La vie à bord est en effet un peu austère : la mer, d’abord, aura été pour nous pendant cette traversée de l’Atlantique un peu ‘toujours la même’ ! Infinie, plate, déserte, chaude, ventée, elle est labourée avec persévérance par notre cargo. Et à part quelques poissons volants miroitants quelques secondes de vagues en vagues – mais notre pont est à 40 mètres au-dessus de la mer ! ‑, et quelques jolis couchers de soleil, il ne s’y passe rien, on n’y croise que rarement d’autres navires, et on ne se tient pas sur le pont de façon confortable.
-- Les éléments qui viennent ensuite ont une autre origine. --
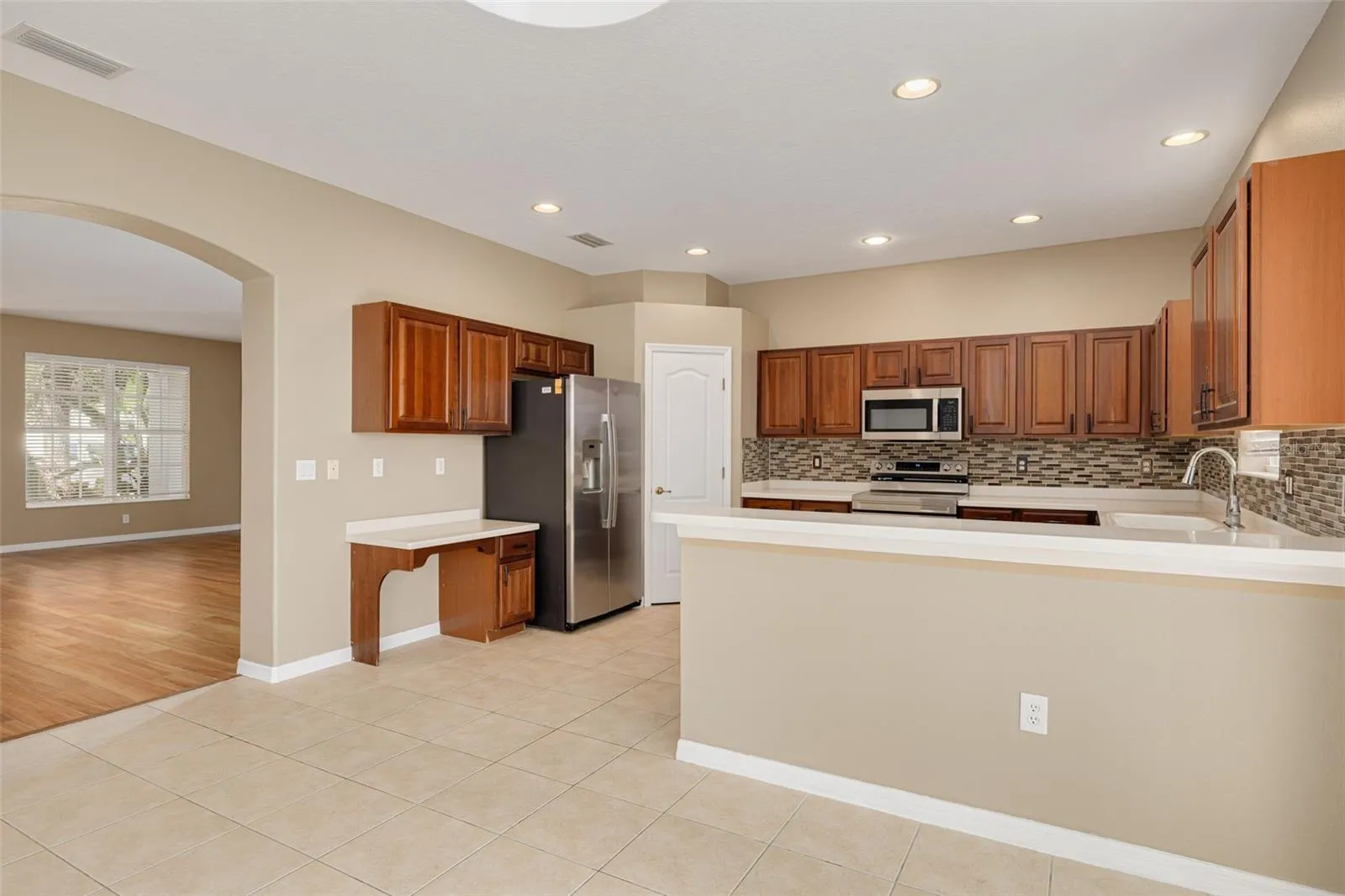 Located in the established resort-style community of Heritage Harbour, this home offers a quiet retreat with a functional, open layout. The large backyard and screened porch provide a private outdoor space overlooking a serene lake and protected conservation area. The heart of the home is a wide-open living space that connects the kitchen to a combined dining and family room. The kitchen is designed with both storage and utility in mind, featuring, rich Cherry Spice cabinetry and a custom backsplash, an integrated desk area for a convenient home workstation, a layout optimized for hosting and daily meals. NEW roof installed in 2025

Eh non ! Pas de tempête, pas de Sargasses, pas de plancton scintillant la nuit…. Ensuite, rupture totale avec notre environnement habituel : pas d’emails, pas de news, d’actualités internationales, de la famille, des copains… l’équipage ne communique AUCUNE nouvelle d’aucune sorte, ni sur la marche du bateau, ni sur les évènements du monde ; et ce, dans un bruit de fond constant, de machines et de ventilations : nous sommes dans un univers de TRAVAIL ; le rêve de l’équipage, c’est que nous soyons aussi discret que l’un des containers sur le pont, là-bas ; nous avions été prévenus ; vous l’êtes maintenant vous aussi ! Il s’agit vraiment d’une RUPTURE totale !
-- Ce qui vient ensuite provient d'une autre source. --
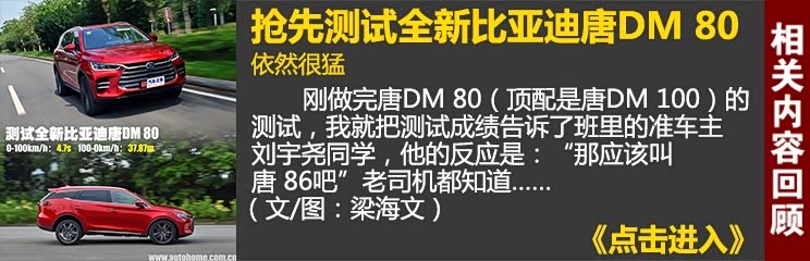 从对唐DM实测加速成绩来看,4.7秒0-100km/h加速能力可以说是非常显眼,起步时完全靠电机驱动,整个加速过程都有着较强的推背感。在纯电模式,电量充足的情况下,即便是深踩油门,发动机也不启动,整个行驶过程很安静,车辆完全以纯电行驶。在混动模式下,肯定会不如纯电模式安静,发动机会带来一些振动和噪音,但整体对于噪声的控制不错,不会给你明显的感觉。转向没什么虚位,精度挺高,悬架对于车身的支撑到位,在较快车速过弯时侧倾并不大。

Et c’est là que l’expérience devient passionnante : nous disposons chaque jour, dans une tranquillité absolue, doucement bercés par le léger roulis et le bruit de fond du cargo, d’une richesse en voie d’épuisement rapide, nous disposons de TEMPS ! Quel luxe ! Aucun risque d’être dérangés ! Du temps pour lire une partie de tous ces livres dont on nous a parlé, chargés sur nos tablettes de lecture. Du temps pour voir quelques uns de ces films que l’on n’a toujours pas vus, et qui entre temps, bien sûr, ne sont plus à l’affiche ‑un ou deux par jour, pendant deux ou trois semaines, cela ne va pas encore bien loin ! Du temps pour apprendre et perfectionner notre espagnol. Du temps pour dessiner et peindre à l’aquarelle. Du temps pour écrire. Du temps pour faire du rangement dans les photos de nos ordinateurs. Du temps pour connaître nos voisins de cabine. Avec malgré tout une petite réserve : en général, quand on ‘travaille’ à écrire un texte, lire un livre ou voir un film, on est vite et souvent à chercher quelque chose sur Google pour vérifier un contexte, une information, un mot… Là, pas le moindre Internet, il faut ruser avec ce qu’on a sous la main ! J’ai par exemple fini par trouver à quoi correspondent les ‘tropiques’ (du Cancer, du Capricorne), ces curieux parallèles, dans le dictionnaire espagnol intégré à mon Kindle quand je lis dans le texte ‘Aleph’, de Borges.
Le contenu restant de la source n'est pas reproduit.